A hike in interest rates does nothing to stifle inflationary pressures and adds to the pain for firms and households
Here is a conundrum. At noon on Thursday, the Bank of England will most likely increase interest rates for the sixth time in a row. Analysts are generally expecting a rise of a half of a percentage point– the biggest single hike since before the Bank was made independent, when monetary policy was ultimately the responsibility of a chancellor called Ken Clarke.
Yet this week’s rate rise is not intended to cool an overheating economy – far from it. Both the IMF and the OECD forecast that the UK will endure the weakest growth of any rich country next year, while the well-respected National Institute of Economic and Social Research (Niesr) believes that the country will enter a recession this summer and stay there until well into next year.
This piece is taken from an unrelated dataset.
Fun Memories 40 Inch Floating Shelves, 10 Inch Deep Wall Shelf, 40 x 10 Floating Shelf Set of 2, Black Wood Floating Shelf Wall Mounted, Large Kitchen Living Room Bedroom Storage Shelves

So why, then, is the Bank pushing up interest rates?
To listen to its governor, Andrew Bailey, this is about signalling his commitment to keeping inflation at 2% – as he is mandated to do by the government. “Let me be quite clear: there are no ifs or buts in our commitment to the 2% inflation target,” he said at the Mansion House dinner last month. Yet pushing up interest rates in the UK will achieve precisely zero in bringing down the price of wheat or oil on global markets. It is the shortage of commodities around the world that is raising prices. That is why the Niesr expects inflation to soar to “astronomical” levels next year.
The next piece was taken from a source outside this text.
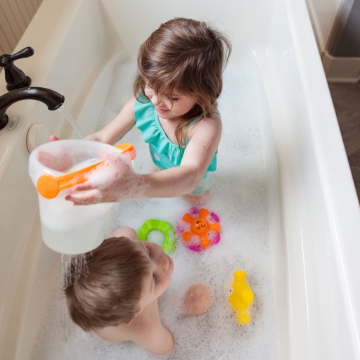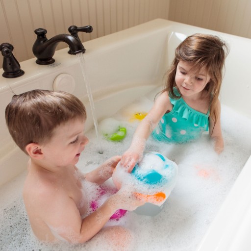 Dwie gwiazdki i trzy kolorowe, faliste pierścienie niecierpliwie czekają, aż najmłodsi wyjmą je z wiaderka i wrzucą do kąpieli, lub będą układać w piramidkę. Pierścienie można układać na sobie, lub gwiazdki na pierścienie, w kubełku i poza nim, w kąpieli i poza nią, lub wymyśl własną konfigurację – nie ma złego sposobu na zabawę! Kubełek ma dziurki w podstawie, w wannie woda będzie z niego tryskać jak deszcz, a poza nią masz pewność, że nie będzie wody na dywanie.

If wages aren’t rising to keep pace, then what we currently label inflation is really a form of rationing – rationing by price, so that the wealthiest can afford to keep their houses warm this winter and their cars filled with petrol, while those with less money have to make some stark choices. Freezing or starving? New uniforms for the kids, or toys for Christmas? All higher rates do in this scenario is add to the economic pain by making mortgages and credit card bills another worry for families already stressed about paying for energy and food.
This mess is not Mr Bailey’s creation. He might more fairly be viewed as the unluckiest Bank governor since it was cut loose in 1997. Mervyn King enjoyed what he dubbed a “Nice” decade (10 years of non-inflationary constant expansion); his successor, Mark Carney, was an astute politician basking in the support of George Osborne. Mr Bailey has faced a once-in-a-century pandemic, a global commodity shortage and constant sniping from senior Conservatives. Some think he should have raised rates far sooner and far higher – which would most likely have turned a recession into a depression. The frontrunner to be the next prime minister, Liz Truss, wants to rewrite the governor’s job description so that he is even tougher on inflation.
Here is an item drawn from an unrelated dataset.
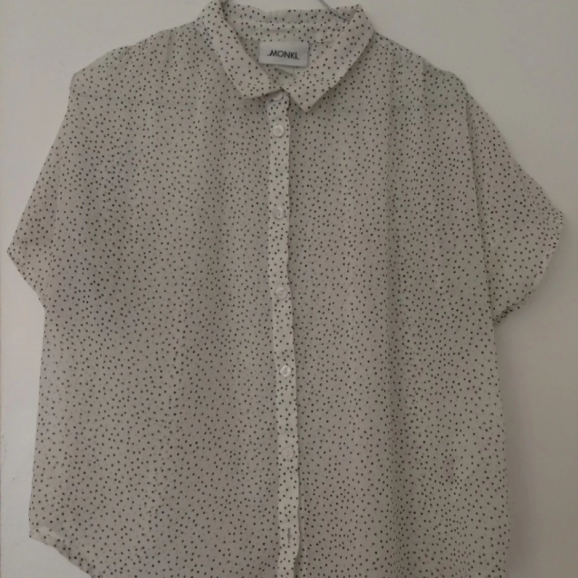 Söt sommartopp från MONKI. Sparsamt använd. Vit/transparent med svarta prickar.

Where Ms Truss has a point is that, since 2010, the Tory government has relied on the Bank to keep interest rates as generously low as possible so that successive chancellors could be zealously tight on spending. The result of this regime has been to leave the Bank with precious little room for manoeuvre and to encourage a surge in the prices of houses, artwork and other assets. It was a dangerous economic policy that did nothing to channel money to where it is most needed (such as council housing, public services and the incomes of the lowest paid). It should be reversed – but not in this haphazard fashion, which will hurt businesses and harm households.